DBA/6J and B6xDBA recombinant inbred strains (RISs) were derived at and obtained from Jackson Laboratories (Bar Harbor ME). We selected 24 RIS strains 1:1 matched for the B6 apoa2 genotype (Crabbe et al., 1994) for testing of breathing pattern. Each RIS strain was provided as one male and 2 females, and were bred in the Animal Resource Center to produce progeny which were raised for testing between 8-12 wks. of age.

Genomic Testing

Apoa2 genotyping was by end-point PCR. Tissue was obtained from mouse tail (birth genotyping), and/or liver or brainstem (obtained after phenotyping or from the in situ preparation) was lysed in 40uL 0.2M NaOH at 80 degrees C for 15 minutes. The reaction was stopped with the addition of 360uL 0.04M Tris-HCL pH 7.5. Extracted DNA was used as a template for PCR following the Jackson Labs protocol using nested primers: oIMR6118 5'-GAC CTT GGA CTC CAG TCT GC-3', oIMR6119 5'-CGG TTT CTC CTC AAG GTT CA-3', and oIMR8444 5'-GCC TGA AGA ACG AGA TCA GC-3'. The PCR product was run on a 1% agarose gel, and the genotype was determined by size analysis of the resultant bands (WT: 287bp, HET: 143bp/287bp, and KO: 143bp).
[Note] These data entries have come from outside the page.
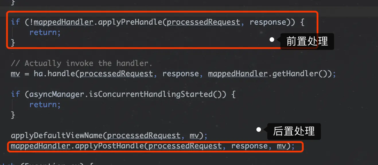 前面提到Handler是被封装在HandlerExecutionChain里面的,其中还包含一些前置后置的拦截器。所以在执行HandlerAdapter.handle()前后会有对HandlerExecutionChain的调用,执行interceptor对前后置处理的方法
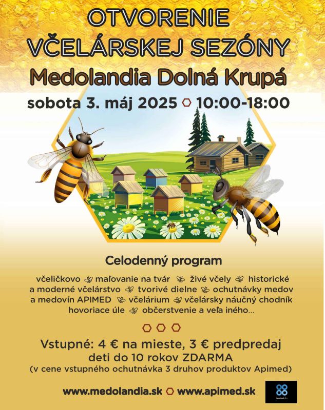 Prvá májová sobota bude v Dolnej Krupej patriť oslave včelárstva a včiel! Pozývame vás na Otvorenie včelárskej sezóny do Medolandie. Podujatie sa uskutoční v zážitkovom areáli Medolandia v Dolnej Krupej, v sobotu 3. mája, program začína o 10:00 hod. a potrvá do 18:00 hod. Na návštevníkov čakajú ochutnávky medov a medovín z Medovinárstva Apimed a bohatý program pre malých i veľkých.
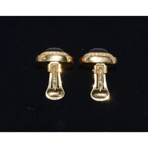 CHRISTIAN DIOR Rhinestone & Black Cabochon Clip-On Earrings 1980s
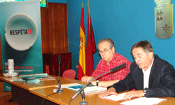 El director de Salud Pública, Francisco García Ruiz, (derecha) y el jefe de servicio de Educación para la Salud, José Joaquín Gutierrez, en un momento de la presentación de la campaña de información y publicidad que la Consejería de Sanidad ha puesto en marcha coincidiendo con la celebración el 31 de mayo del Día Mundial sin Tabaco.
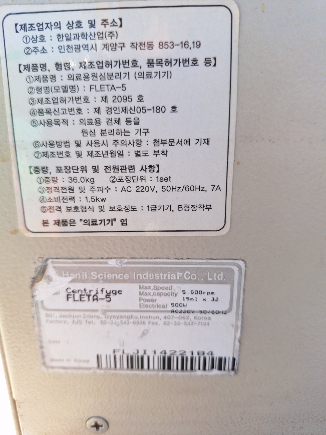 #한일과학; #FLETA5; #원심분리기; #15mlx32; #중고;

For genotyping of the B6xDBA RISs, we relied on the information from the Mouse Phenome Database (http://phenome.jax.org/SNP), which reports genetic polymorphisms for all these inbred strains. For the RIS strains there was available coverage of 3776 markers (98% coverage over 20 chromosomes: Build 37). These genotypes were predominantly homozygotic [(%): AA:49.7 AB:2.4 BB:47.9 not BB:0 not AA:0)], and included markers specific for the known apoa2 gene allelic differences between the parental strains. Markers were linked to trait values using quantitative trait linkage methods (Crabbe et al., 1994; Gillombardo et al., 2012).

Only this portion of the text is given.